Fashion insiders gathered at the Musée Rodin in Paris, a venue that in itself suggested we should not expect quiet elegance, but rather that the designer, like the artist to whom the museum is dedicated, would question the boundaries of classical form. This was a fairly bold move for a fashion house with an exceptionally long tradition and beloved codes, yet Jonathan Anderson managed to present an intriguing new concept. The opening look made it immediately clear that this was a collection unafraid to stimulate the imagination of admirers of traditional forms. Anderson often turns to the archives in search of inspiration, but certain pieces in this new collection were inspired not by Dior, but by the French designer Paul Poiret. His first boutique during the Belle Époque was located just a few steps away from Christian Dior’s boutique, yet their aesthetics were almost entirely contrasting. While Christian Dior was a master of form, skillfully placing women into beautifully constructed dresses, Poiret favored fluidity and the opulence of fabrics. It was precisely in these differences that Jonathan Anderson found inspiration for the new collection
The sequined tops in vivid colors that opened the show are undeniably inspired by Paul Poiret’s dresses, and his influence can also be seen in other garments, colorful capes, and patterns that define the fall collection. These elements enrich the texture of pieces that are unquestionably inspired by the archive of Christian Dior, who, incidentally, celebrated his birthday yesterday. Structured silhouettes, high collars, and poetcore capes remain at the center of attention, albeit with a twist. The recognizable Dior Homme tailoring was also present in this collection, elements of the Bar jacket were reimagined as short double breasted blazers, while tailcoats and military jackets created a sense of continuity with his debut menswear collection shown last summer.

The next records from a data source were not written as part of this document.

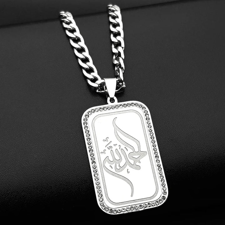 Elevate your style with this Allah Quran Crystal Medallion Necklace, crafted from high-quality stainless steel with a luxurious gold finish. Designed for both men and women, this geometric pendant features sparkling crystals and elegant Arabic inscriptions that symbolize faith, protection, and spiritual connection. A perfect accessory for everyday wear or as a meaningful Islamic gift.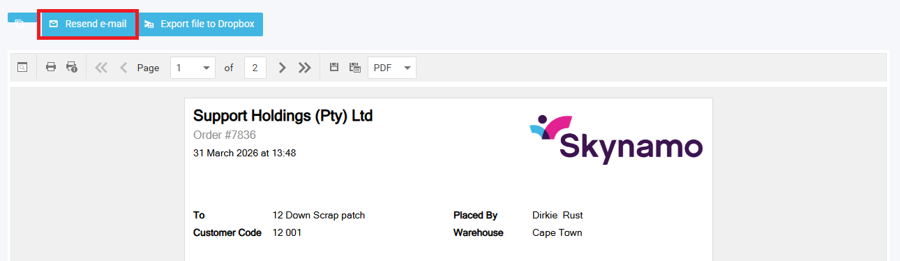 To resend orders: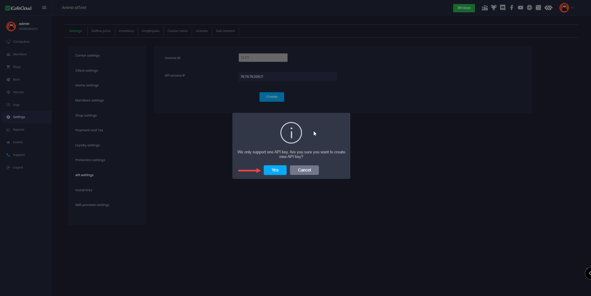 - When switching the iCafeCloud license between master and slave servers (EU3 to EU4), there is no need to update the API, as it remains unchanged. However, if you switch to a different server group ( EU3 to EU18), the API key must be recreated.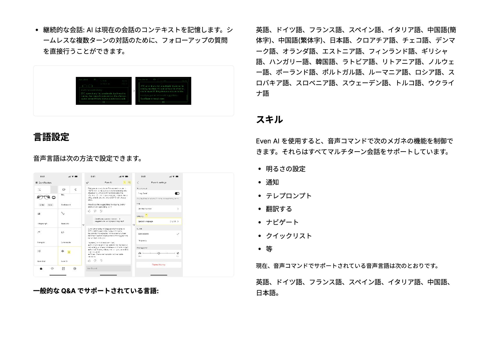英語、ドイツ語、フランス語、スペイン語、イタリア語、中国語(簡 体字)、中国語(繁体字)、日本語、クロアチア語、チェコ語、デンマ ーク語、オランダ語、エストニア語、フィンランド語、ギリシャ 語、ハンガリー語、韓国語、ラトビア語、リトアニア語、ノルウェ ー語、ポーランド語、ポルトガル語、ルーマニア語、ロシア語、ス ロバキア語、スロベニア語、スウェーデン語、トルコ語、ウクライ ナ語 スキル Even AI を使用すると、音声コマンドで次のメガネの機能を制御で きます。それらはすべてマルチターン会話をサポートしています。 明るさの設定 通知 テレプロンプト 翻訳する ナビゲート クイックリスト 等 現在、音声コマンドでサポートされている音声言語は次のとおりです。 英語、ドイツ語、フランス語、スペイン語、イタリア語、中国語、 日本語。

Although it is difficult to imagine Christian Dior’s models walking with tousled hair, let alone punk wigs, the work of the brilliant Guido Palau, Jonathan Anderson made this concept function almost flawlessly. The central question of the collection was undoubtedly that of a new aristocracy and the idea of how they might dress today. While many debate whether the moment calls for quiet or loud luxury, Jonathan Anderson proposes a new definition of luxury: dressing the way we want.

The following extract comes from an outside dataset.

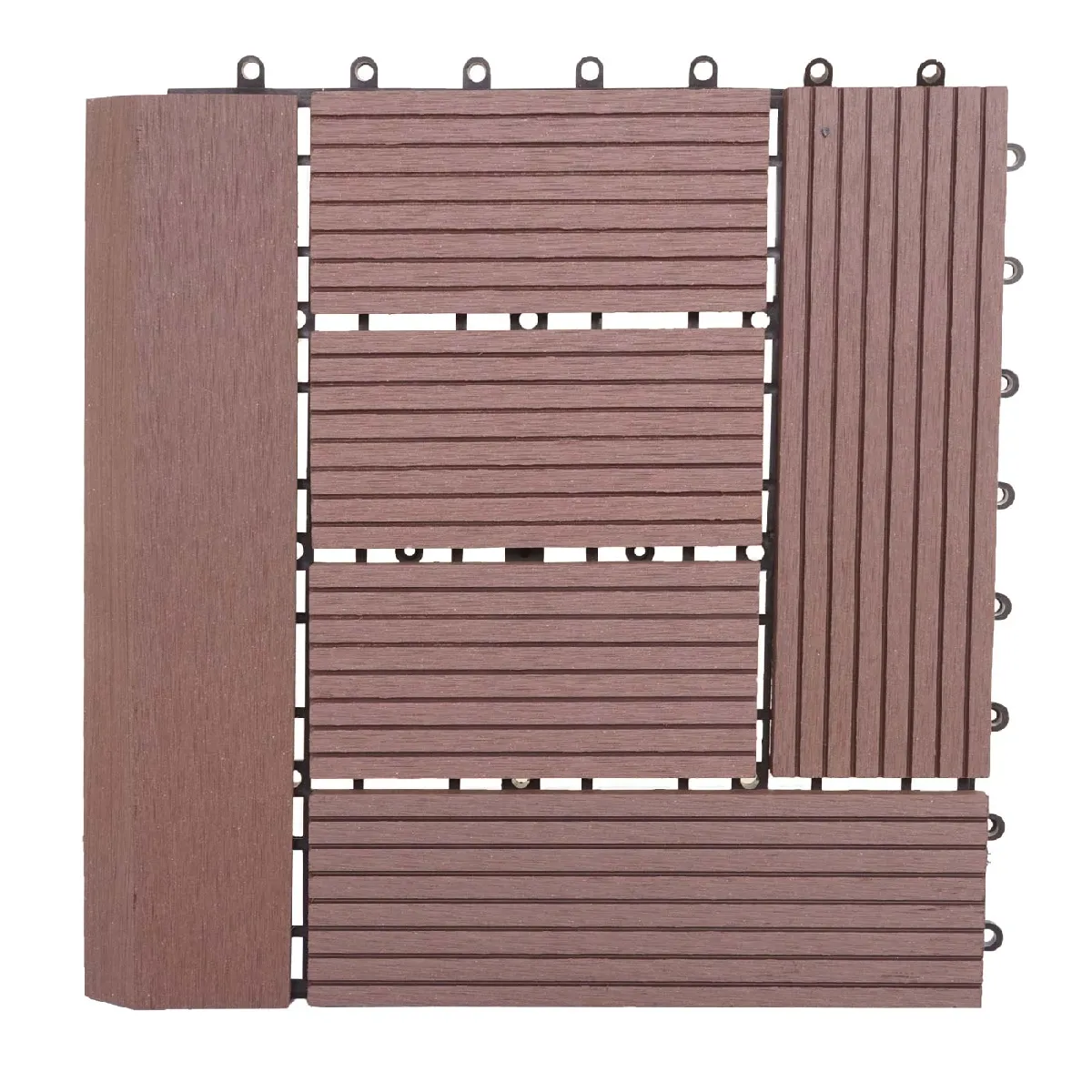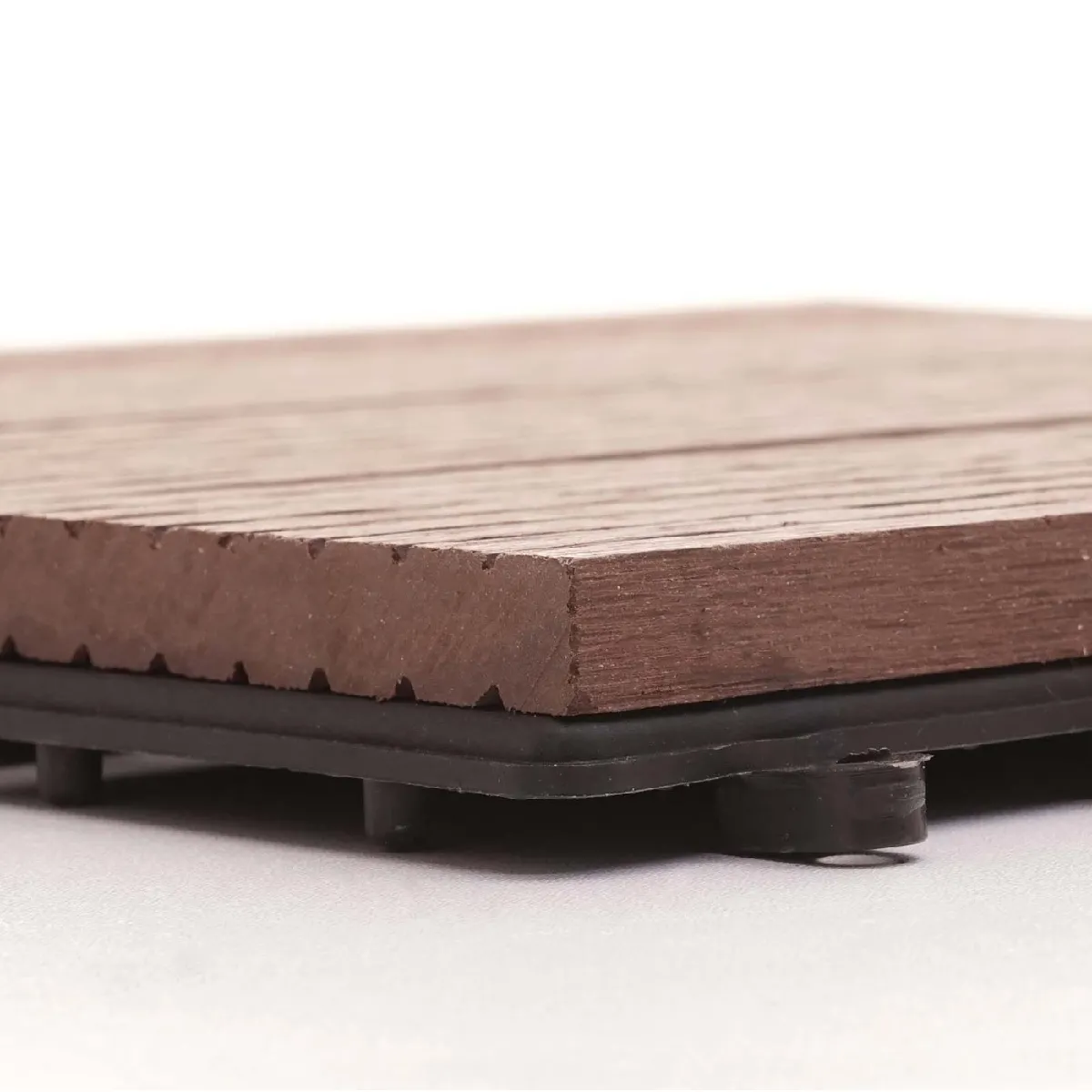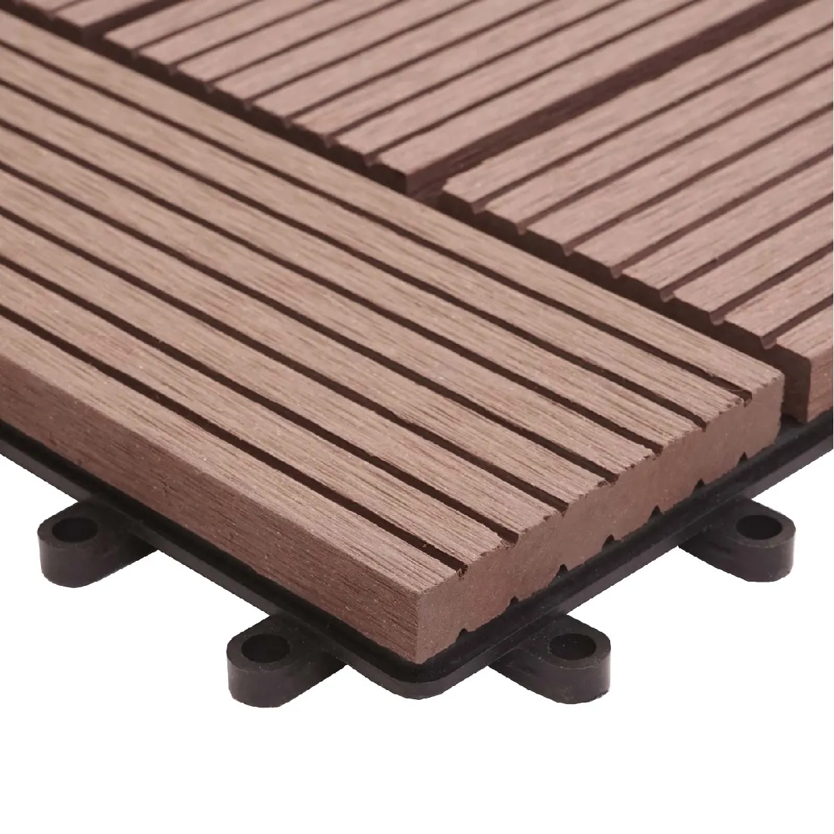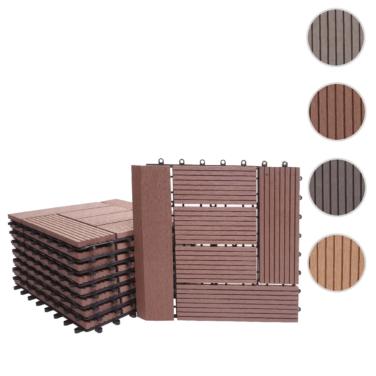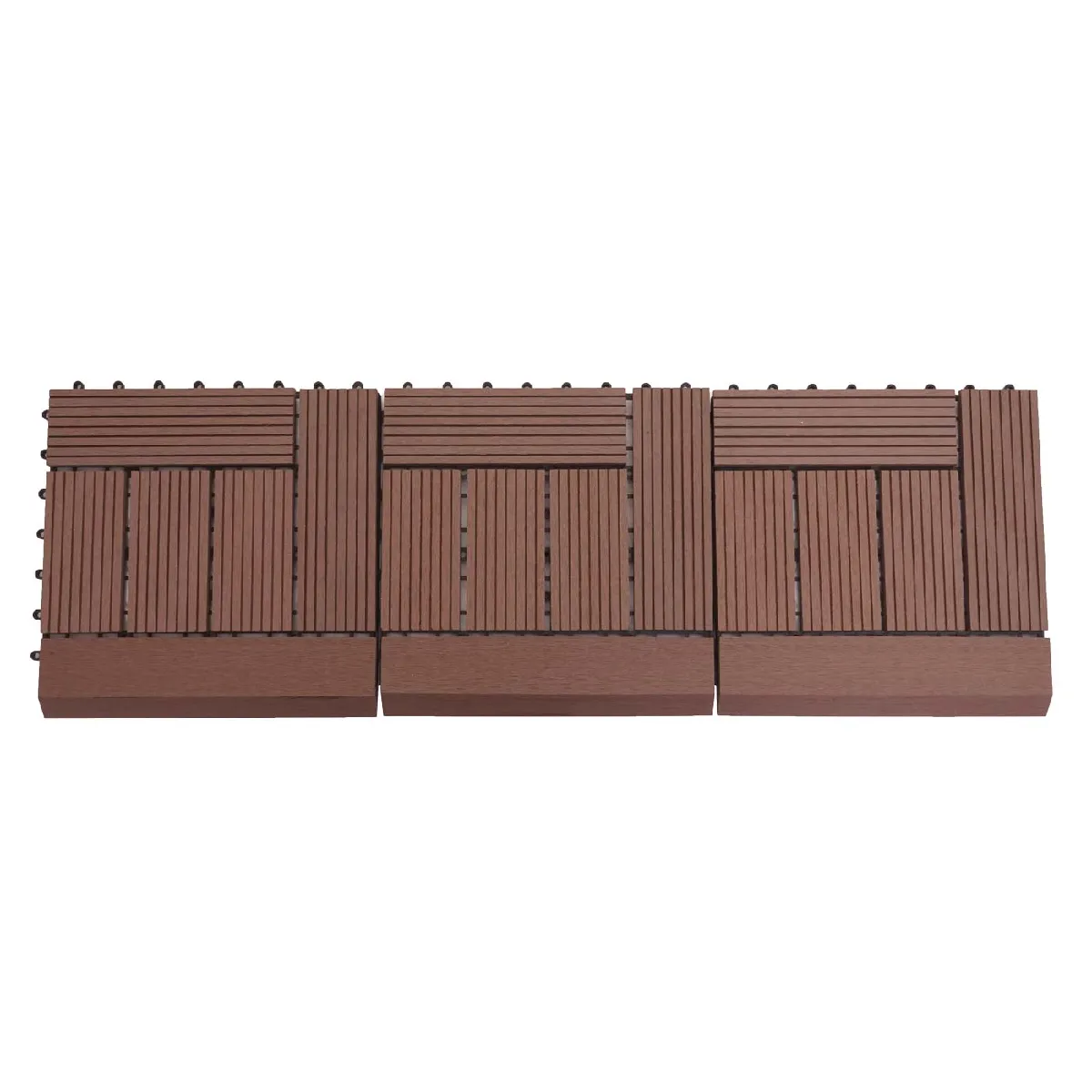 Carreau de sol WPC Rhône + bordure, aspect bois, balcon/terrasse, 11x chaque 30x30cm = 1m² Premium ~ café, échelonné

One of fashion’s greatest advantages, which we strive not to forget, is that it has no rules. Shimmering shoulder pieces can be worn over a polo shirt, dresses can become blouses, and if we feel like adorning a simple coat with a cape, the only question is: why not? The new Dior collection takes punk and gilded elements and places them directly alongside the house’s traditional codes, demonstrating that it is possible to create harmony between seemingly total opposites.
Anderson consistently succeeds in proving that contemporary forms can exist in harmony with classical, retro ones, perfectly embodying the spirit of new generations. While there is deep respect for elegance and subtle forms, there is also a strong contemporary need to step outside established boundaries and question the way we perceive fashion at all. Designers like Jonathan Anderson remind us that even as we follow trends and build our own style, we must not lose sight of what matters most: creativity.